The promising preclinical results of CBDCA-PCL-NPs-Gel warrant further investigations under a set of stringent parameters for the treatment of melanoma.
在一项 II 期临床试验中,卡铂(CBDCA)在治疗恶性黑色素瘤方面的反应率与达卡巴嗪相当,为 19%。然而,除了理想的治疗特征外,静脉(i.v)给予 CBDCA 会在靶部位提供亚治疗浓度。这需要通过使用纳米载体通过替代途径给予 CBDCA,以实现治疗黑色素瘤的疗效。

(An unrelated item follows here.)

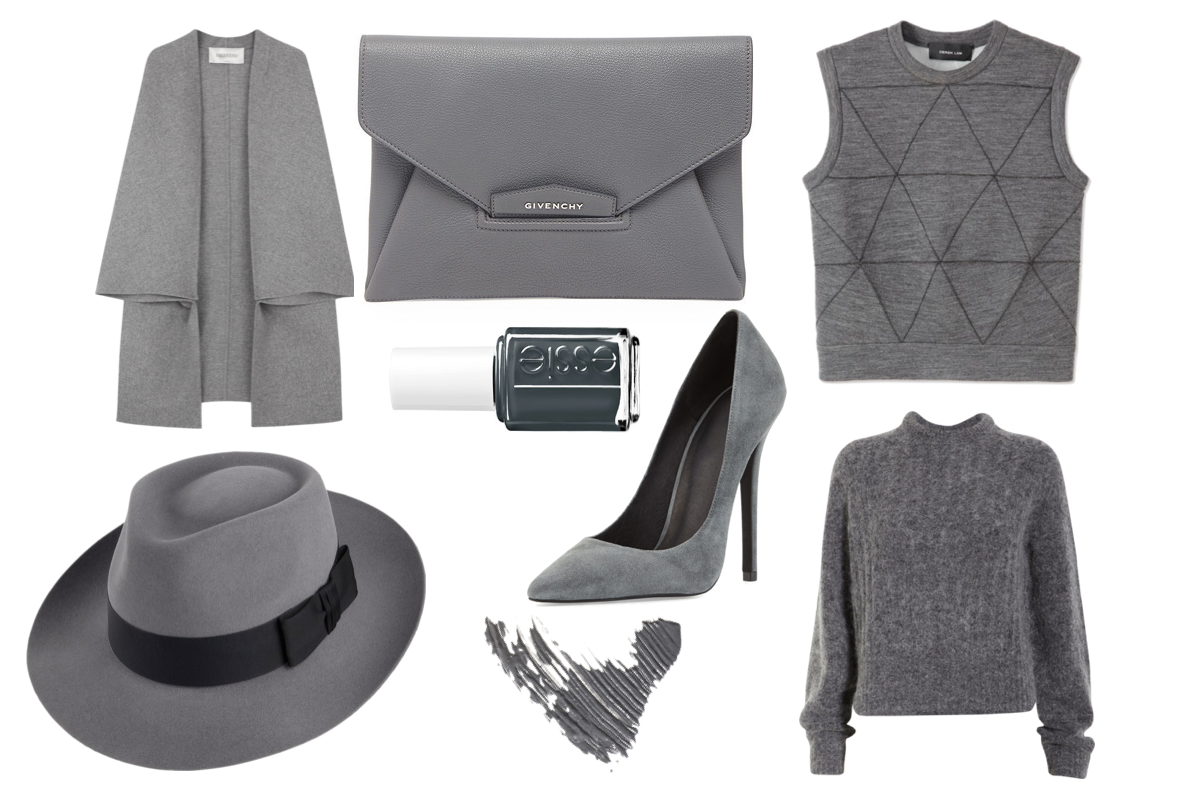 Here are some of my favorite ways to wear grey this season. Obviously I love the over-sized coat trend, so I’m a sucker for this Valentino one. This Acne sweater looks so cozy and would match with just about anything imaginable. Other ways to incorporate grey into your wardrobe can be through accessories like this Givenchy clutch, these Jeffrey Campbell pumps, or a grey felt hat. You can also be subtle with charcoal grey nail polish, which is so chic!

制备载有卡铂的聚(ε-己内酯)纳米粒(CBDCA-PCL-NPs)并与壳聚糖-β-甘油磷酸凝胶(CBDCA-PCL-NPs-Gel)混合,用于瘤内(i.t)给药。 CBDCA-PCL-NPs 的平均粒径和 Zeta 电位分别为 54.5±6.3nm 和-8.1±0.9mV,此外纳米制剂还呈球形。傅里叶变换红外光谱(FT-IR)表明药物与聚合物之间没有任何化学不相容性问题。 XRD 图谱表明 CBDCA-PCL-NPs 具有无定形晶格。 CBDCA-PCL-NPs-Gel 的药物载量估计为 152mg/1ml。 CBDCA-PCL-NPs-Gel 表现出长达 48 小时的药物释放延长。此外,CBDCA-PCL-NPs-Gel 的 IC50 为 80.3-μM,明显(P<0.05)低于 CBDCA-PCL-NPs 的 162.8-μM 和 CBDCA 溶液的 248.5-μM,在 B16F1 黑色素瘤癌细胞中。 CBDCA-PCL-NPs-Gel 验证了 80.2%的凋亡率明显(P<0.01)高于 CBDCA-PCL-NPs 的 57.6%和 CBDCA 溶液的 43.4%。在此基础上,与瘤内注射 CBDCA 溶液相比,CBDCA-PCL-NPs-Gel 显著(P<0.01)抑制肿瘤体积至 95.5±8.4-mm3,而瘤内注射 CBDCA 溶液时为 178.9±10.2-mm3,静脉注射 CBDCA 溶液时为 210.6±17.1-mm3,而 B16F1 荷瘤 C57BL6J 小鼠的肿瘤体积为 815.4±17.1-mm3。
CBDCA-PCL-NPs-Gel 的有希望的临床前结果需要在一系列严格的参数下进行进一步研究,以用于治疗黑色素瘤。